Although Sharpe battled narcolepsy, Dumars rolled the dice on the premise, thinking his medical issues were a thing of the past. We all know how that worked out. As for Catanella’s New Jersey Nets? They had three picks in the draft, 10, 21 and 40 where they picked up Brook Lopez, Ryan Anderson and Chris Douglas-Roberts, respectively. Not a bad haul at all, I would say. In fact, you could argue that save for a few projects centers that the jury remains out on, the Nets picked the absolute best player available in ever spot.
While the interview is a must read for any Pistons fan, I’ll excerpt a few choice sections after the jump.
Here Catanella demystifies his stats work into the absolute essentials: trying to understand who can contribute to the future success of his team.
So, I know a lot of teams wrestle with how to integrate new-breed analytical work into their decision making process. Can you give me glimpse of how that works for the Nets?
Taking a step back — my background is in valuing companies for investment banks or mutual fund companies. It’s making a projection based on past performance, trying to answer the question “what here really indicates likely future success?”
Figuring that out really starts in conversations with the coaching staff, and trying to get a sense of what kinds of stats could be important. I did a lot of that when I was on Coach K’s staff, and I’m lucky enough to work with Lawrence Frank.
Then, based on those insights, we do a bit of regression, which helps to project how different players’ careers might play out in the NBA.
What goes into the mix is not any one magic number, though.
There are typical efficiency stats. There are anthropometric ratings like wing span, body fat, vertical leap, standing reach and the like. There are strength of schedule ratings. There is looking at who they were on the court against, and who they were on the court with. There are +/- numbers. The numbers really run the whole gamut.

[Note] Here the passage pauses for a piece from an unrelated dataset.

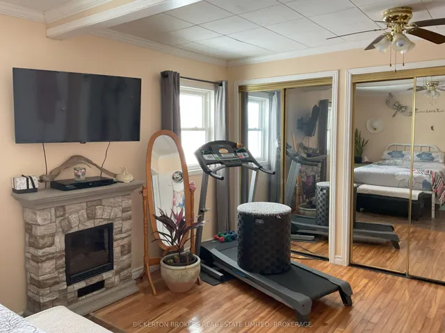 +"PublicRemarks": "Welcome home to this charming semi-detached two-bedroom bungalow, offering a bright and open-concept kitchen and living room filled with natural light. Hardwood floors highlight the living room, with durable laminate flooring throughout the rest of the home. All appliances are included with an option to purchase existing furnishings for a truly move-in-ready experience.The home features a four-piece bathroom, washer and dryer, electric baseboard heating, and two electric fireplaces for added comfort and ambiance. The large spacious primary bedroom offers an abundance of storage with multiple closets for extra storage.A 200-amp electrical service supplies both the home and the large detached garage, which has been converted into a three-season family or games room-perfect for extending your living space. The generously sized, private backyard is beautifully landscaped and surrounded by nature, creating a peaceful, country-style setting while still being inside the gates of Gananoque and close to all town amenities."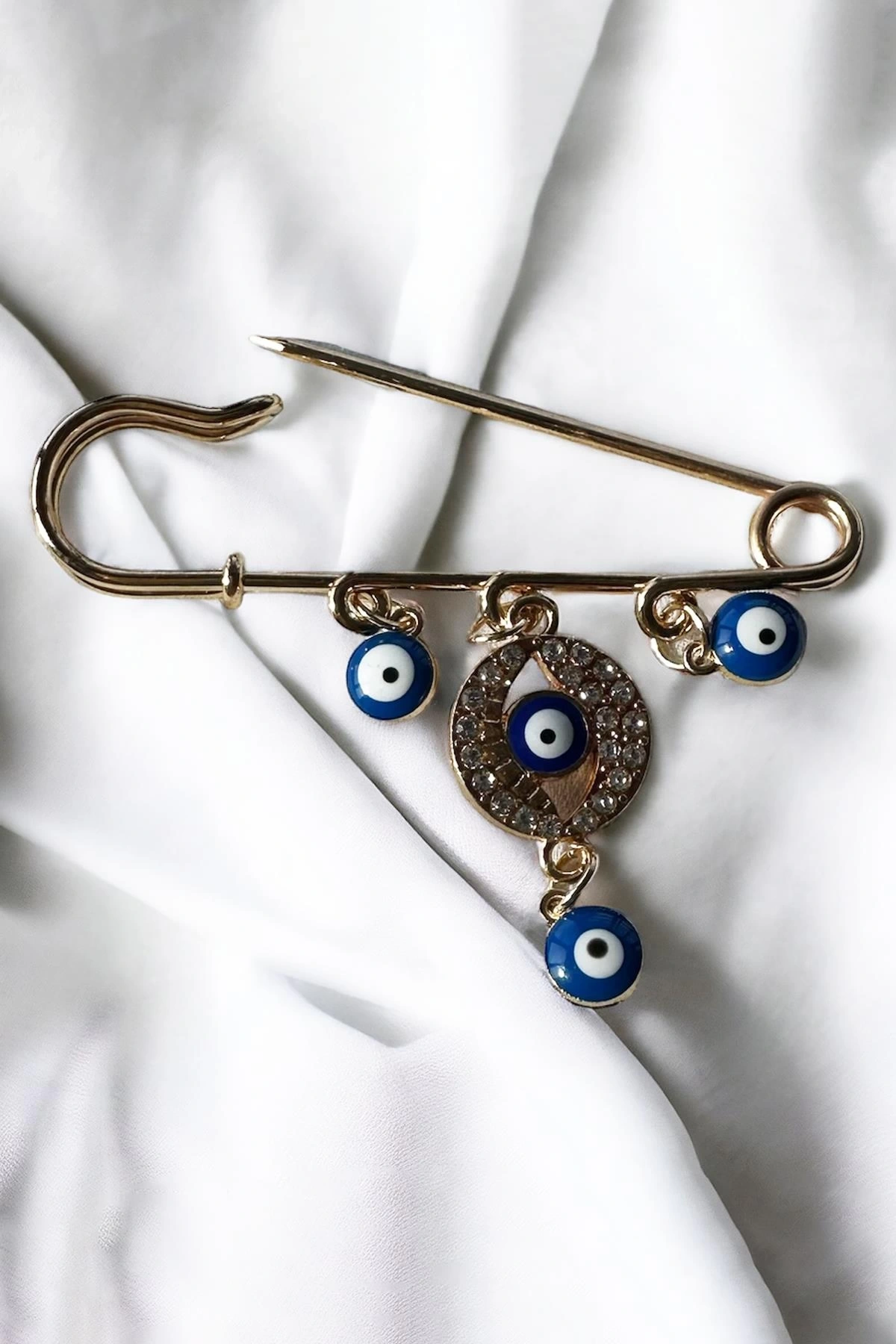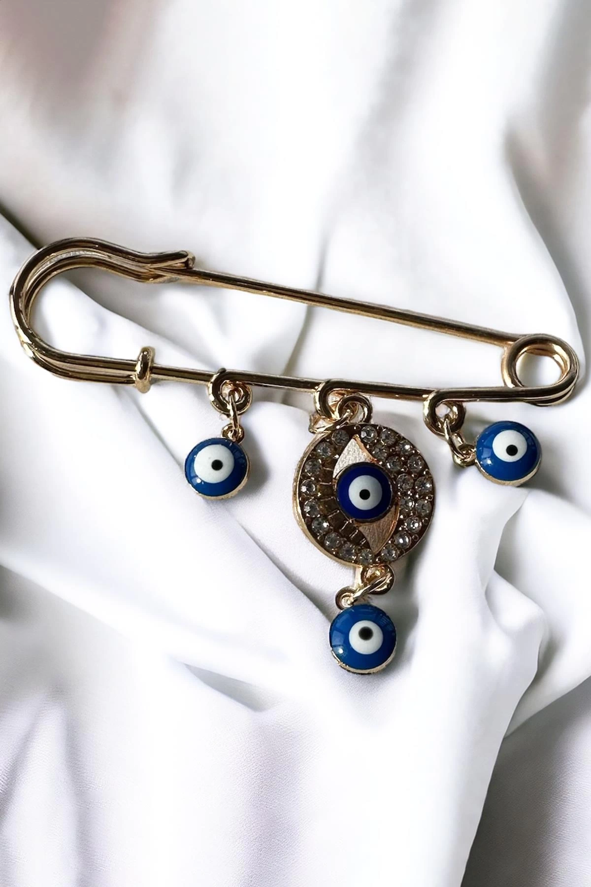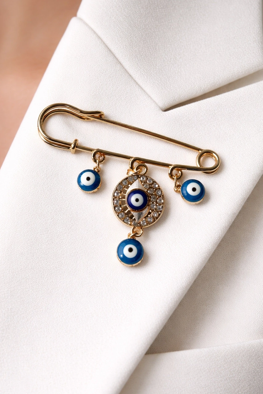 Altın Renk Nazar Boncuğu Detaylı Broş

You try to find anything that you can measure that might be helpful, and put it all in the mix.
And here he talks about the marriage between stats analysis and traditional scouting:
Sometimes some statistical assessments will recommend players that are very different than traditional scouts. For instance, John Hollinger’s new projections don’t rank Derrick Rose so highly as a point guard prospect. How do you handle that?
I read everything. I read John Hollinger’s stuff all the time. I got a chance to talk to him in Boston at that MIT conference, and learned that we use a lot of the things he uses.
Those kinds of things can be indicators, negative or positive.
We never look at any of these things and make a final decision. The traditional scouts have another take, which is often more valuable.
I try to relate what I see in the numbers to what I have learned from my basketball background. So when the numbers show something, it’s normal to ask: Is this really important? Will this help us win a playoff game? We’re always trying to figure out, how will this thing we have discovered affect our team when we run this play.
That specific kind of thinking is invaluable.
When you’re just going through numbers, you’re left with a lot to learn. So when the numbers turn something up, before taking it to the scouts we’ll go to the film, and see what’s happening. After you watch whatever it is playing out over ten games, you can get an idea — do these numbers make sense? Are they relevant?
Sometimes you find there is not a whole lot there.
And sometimes you’ll find that there’s a player who seems to be really effective, but is not on anybody’s draft board, or is very low on people’s draft board. There were a couple of guys like that last draft, and now I think other teams are starting to notice, too.